Write out the data below in full, unchanged, minus the images.
=== Data ===
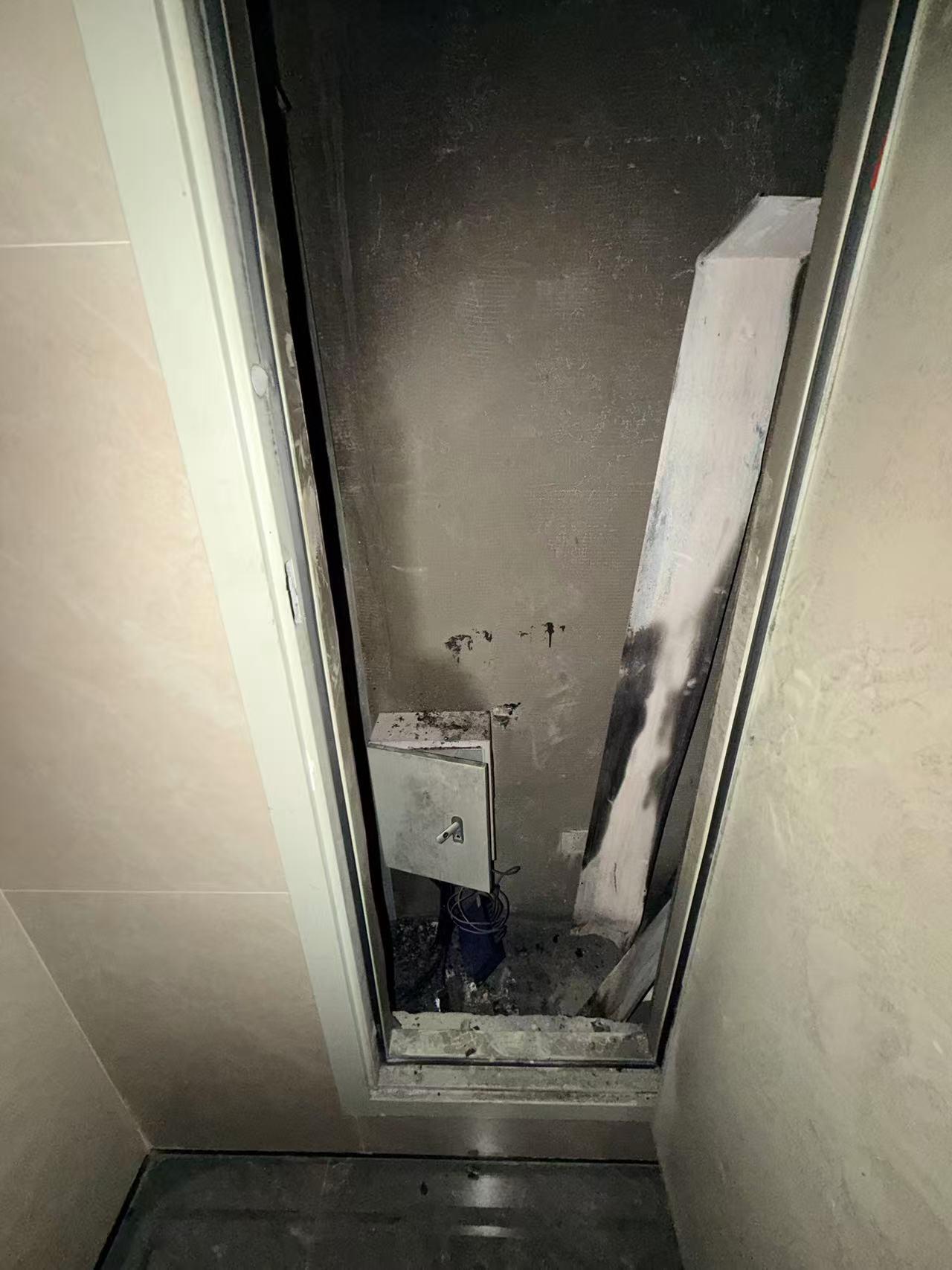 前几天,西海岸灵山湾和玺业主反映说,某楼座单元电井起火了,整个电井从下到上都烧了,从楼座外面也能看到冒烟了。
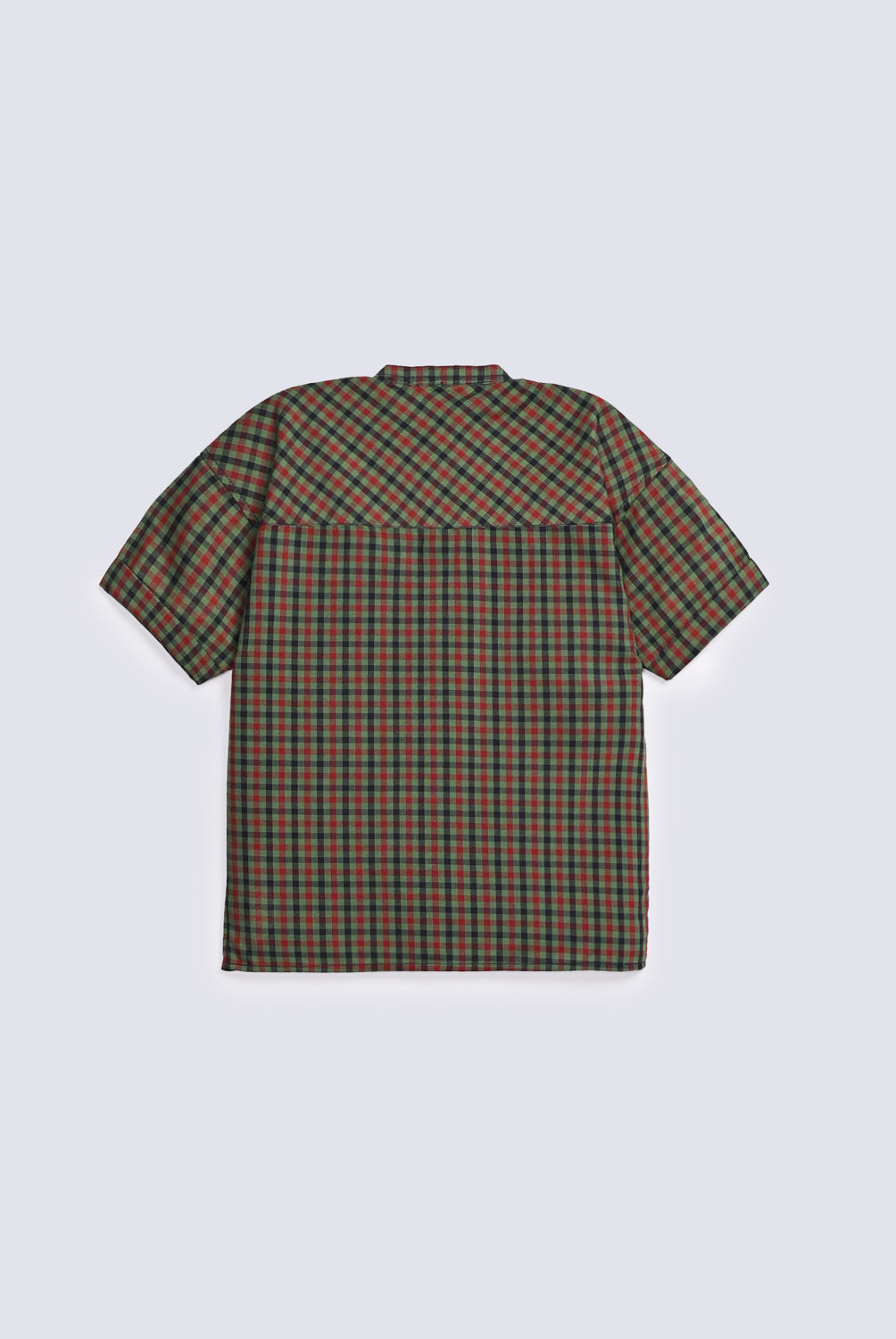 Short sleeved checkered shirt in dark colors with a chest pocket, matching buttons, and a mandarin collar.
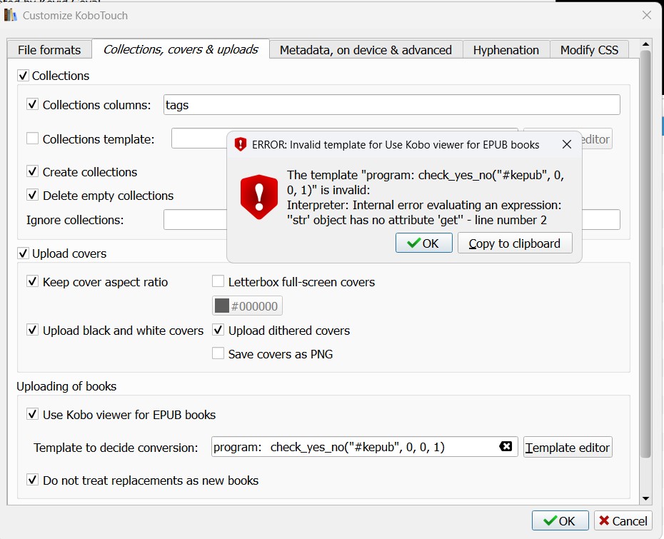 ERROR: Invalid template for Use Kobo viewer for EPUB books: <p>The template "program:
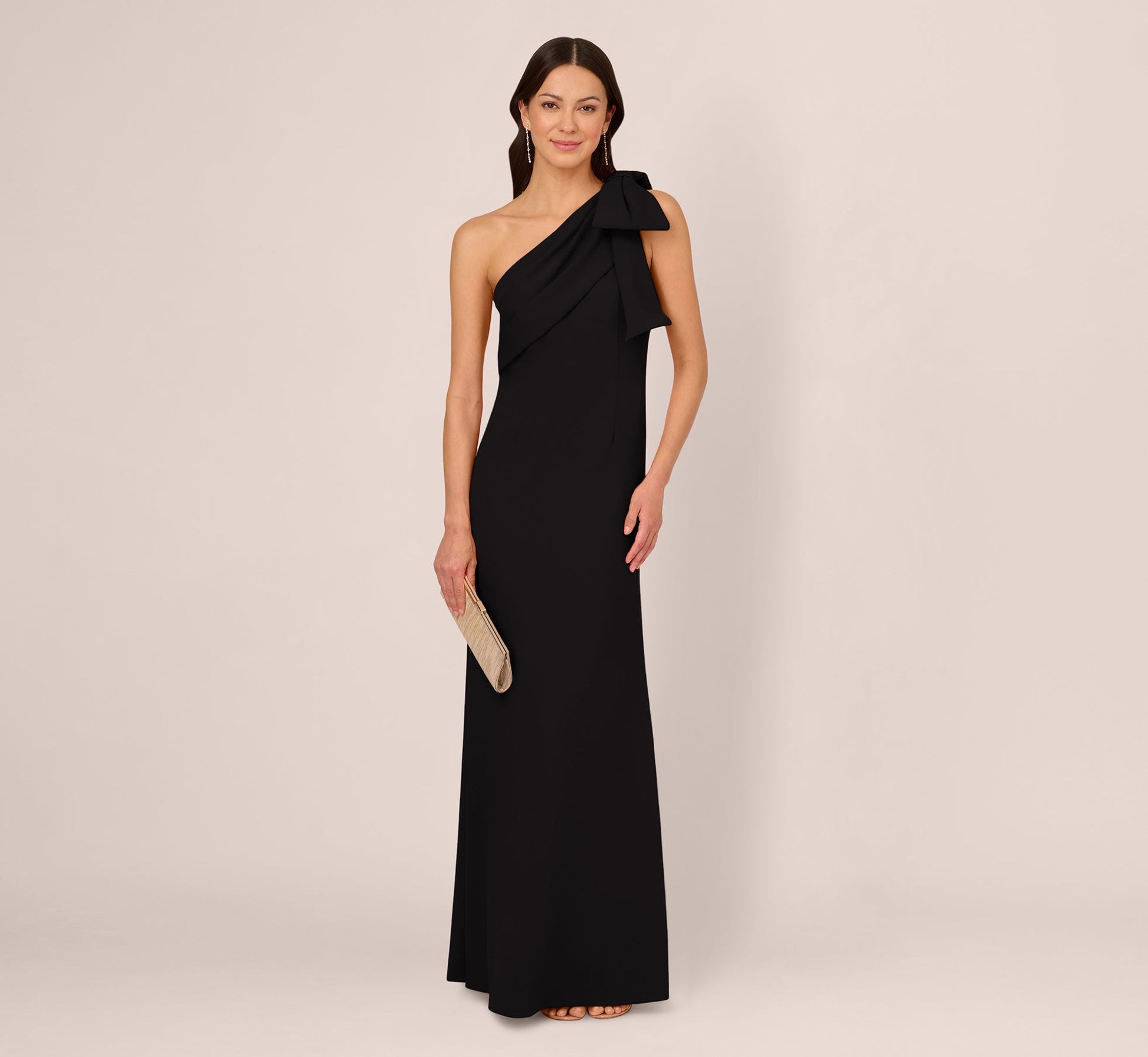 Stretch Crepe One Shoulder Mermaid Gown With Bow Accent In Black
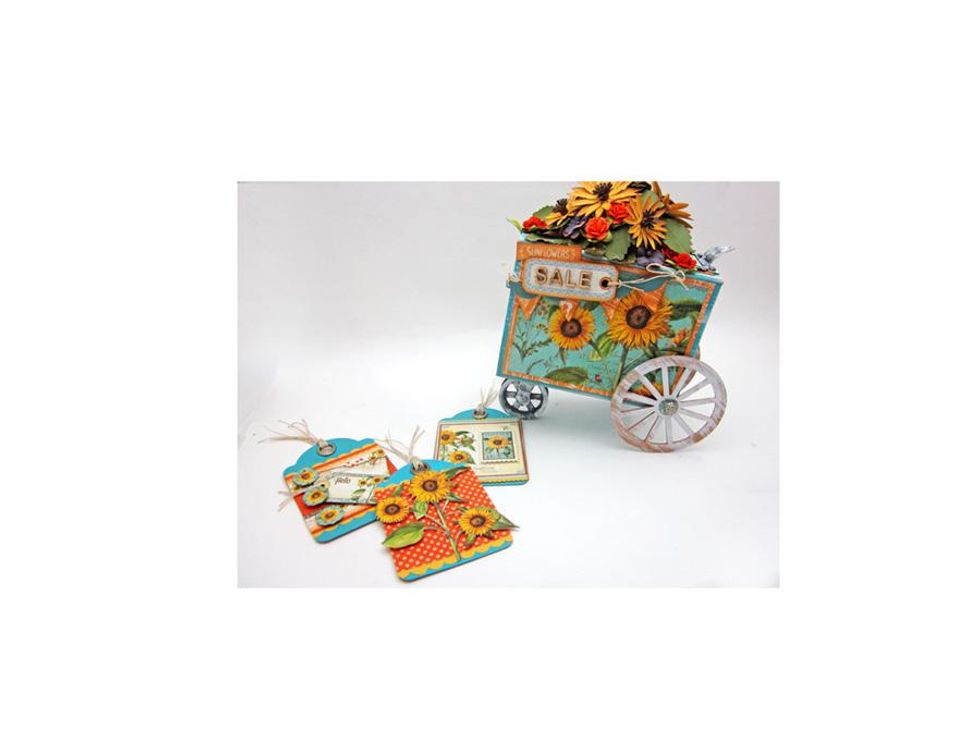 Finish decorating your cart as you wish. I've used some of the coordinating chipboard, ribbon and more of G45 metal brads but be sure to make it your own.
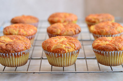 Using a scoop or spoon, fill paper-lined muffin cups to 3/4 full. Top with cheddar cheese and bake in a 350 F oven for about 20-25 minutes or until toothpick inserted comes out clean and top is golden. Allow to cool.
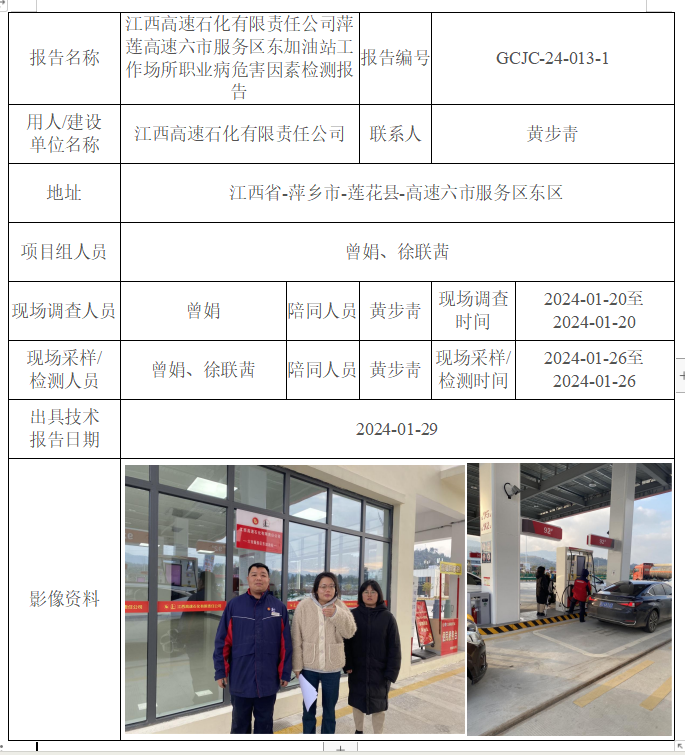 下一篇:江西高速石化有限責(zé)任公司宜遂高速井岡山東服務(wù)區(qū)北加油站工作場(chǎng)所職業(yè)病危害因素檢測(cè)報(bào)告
===
Result of the task:
 前几天,西海岸灵山湾和玺业主反映说,某楼座单元电井起火了,整个电井从下到上都烧了,从楼座外面也能看到冒烟了。
 Short sleeved checkered shirt in dark colors with a chest pocket, matching buttons, and a mandarin collar.
 ERROR: Invalid template for Use Kobo viewer for EPUB books: <p>The template "program:
 Stretch Crepe One Shoulder Mermaid Gown With Bow Accent In Black
 Finish decorating your cart as you wish. I've used some of the coordinating chipboard, ribbon and more of G45 metal brads but be sure to make it your own.
 Using a scoop or spoon, fill paper-lined muffin cups to 3/4 full. Top with cheddar cheese and bake in a 350 F oven for about 20-25 minutes or until toothpick inserted comes out clean and top is golden. Allow to cool.
 下一篇:江西高速石化有限責(zé)任公司宜遂高速井岡山東服務(wù)區(qū)北加油站工作場(chǎng)所職業(yè)病危害因素檢測(cè)報(bào)告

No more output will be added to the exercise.